New reports out today from Crunchbase Inc. and PitchBook-NVCA Venture Monitor reveal that global venture capital rebounded sharply in the first quarter of 2025, posting its strongest performance since mid-2022.
However, both datasets point to a growing division in the startup ecosystem where a small set of companies and sectors, particularly artificial intelligence, are capturing an outsized share of investment.
According to Crunchbase, total global startup funding reached $113 billion in the first quarter, up 17% from the previous quarter and an impressive 54% year-over-year. Though the headline figure is positive, the number was slanted by one single deal: OpenAI’s $40 billion round on a $300 billion valuation announced on March 31.
The OpenAI deal represented more than half of U.S. venture capital funding and a third of the global total. AI funding as a whole hit $59.6 billion, or 53% of global VC activity in the first quarter.
According to PitchBook, 77% of U.S. deal value went to AI, largely thanks to OpenAI. In the words of Kyle Stanford, director of U.S. Venture Research at PitchBook, the U.S. market “has become very bifurcated between a handful of companies able to raise an endless amount of money and the rest of the market that continues to struggle through a capital shortage.” Even without the OpenAI round, AI still captured 48.5% of the total invested in the quarter and one-third of completed deals.
The surge in AI funding also contributed to a dramatic uptick in late-stage deals, which reached $81 billion in the first quarter, according to Crunchbase. Late-stage deals were up 30% from the fourth quarter of 2024 and 147% year-over-year.

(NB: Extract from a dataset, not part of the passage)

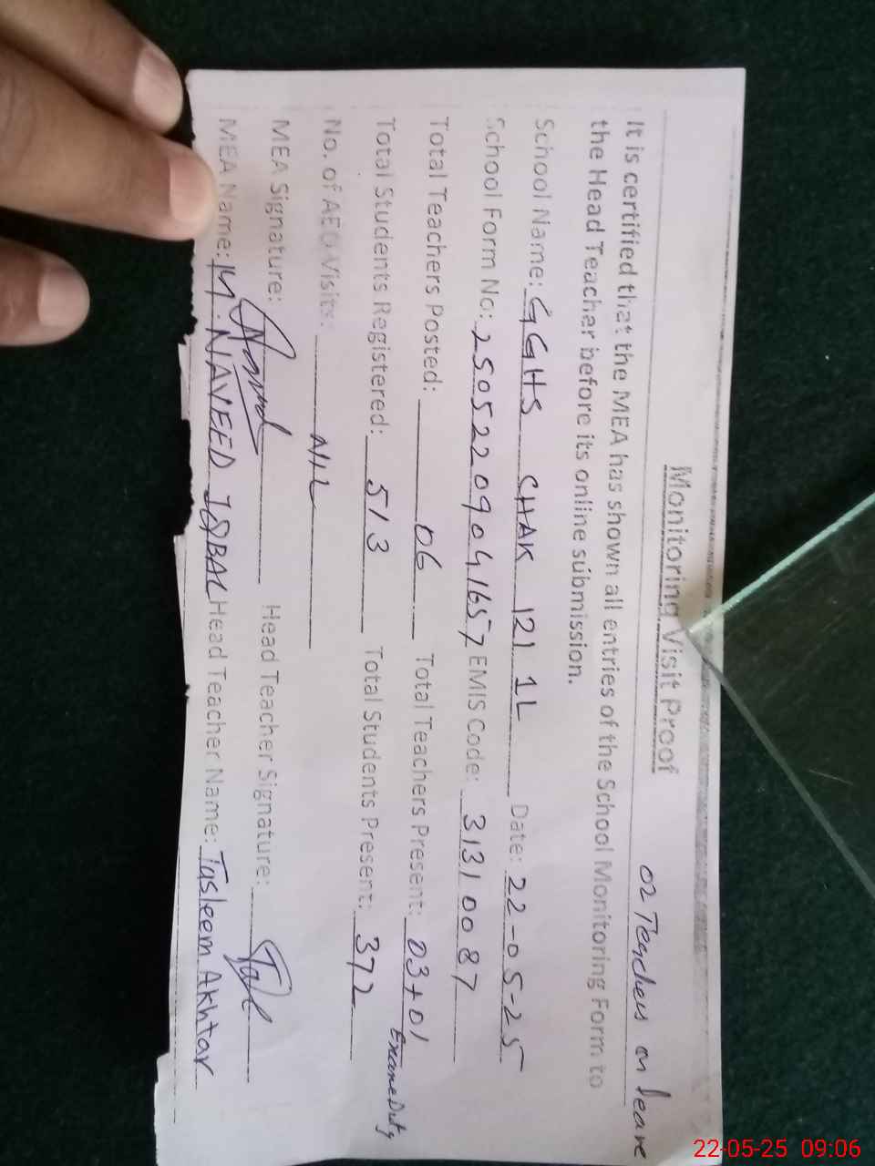 | Attendance Register | Head Teacher | MEA with School | Visit Proof |

Conversely, early-stage funding declined slightly to $24 billion, while seed-stage investments dropped 14% year-over-year, to $7.2 billion — a sign that while capital is flowing freely to established players, newer startups are finding it harder to secure backing.
The concentration of capital wasn’t limited to AI. The Crunchbase report notes that healthcare and biotech were the second-largest sector, with $18 billion in funding, followed by financial services at $10.8 billion.
Geographic disparities are also shown in both reports. The Crunchbase data showed that U.S.-based companies attracted $80 billion of global VC funding, roughly 71% of the total. Of that, the San Francisco Bay Area alone accounted for $55 billion, making up 69% of all U.S. deal flow and nearly half of global funding. By comparison, PitchBook reported that venture capital in the Asia-Pacific region remained subdued, with fewer deals but larger average check sizes, most notably Binance’s $2 billion round in March.
Exit activity in the quarter showed a similar concentration at the top as venture capital funding. Crunchbase reported that the first quarter was the strongest merger and acquisition quarter for startups since 2021, with $71 billion in exit value and 12 acquisitions exceeding $1 billion. Google LLC’s pending $32 billion acquisition of cybersecurity firm Wiz Inc. could become the largest acquisition of a venture-backed private company in history if finalized.
Though the headline figures lok strong, there are possibly dark clouds ahead given declining commitments to VC funds. PitchBook estimates that there was $10 billion in new U.S. VC commitments secured during the quarter, the lowest fundraising pace since 2016. PitchBook argues the lack of liquidity from exits is deterring limited partners from making new commitments, placing additional stress on emerging managers and smaller funds, particularly outside the U.S.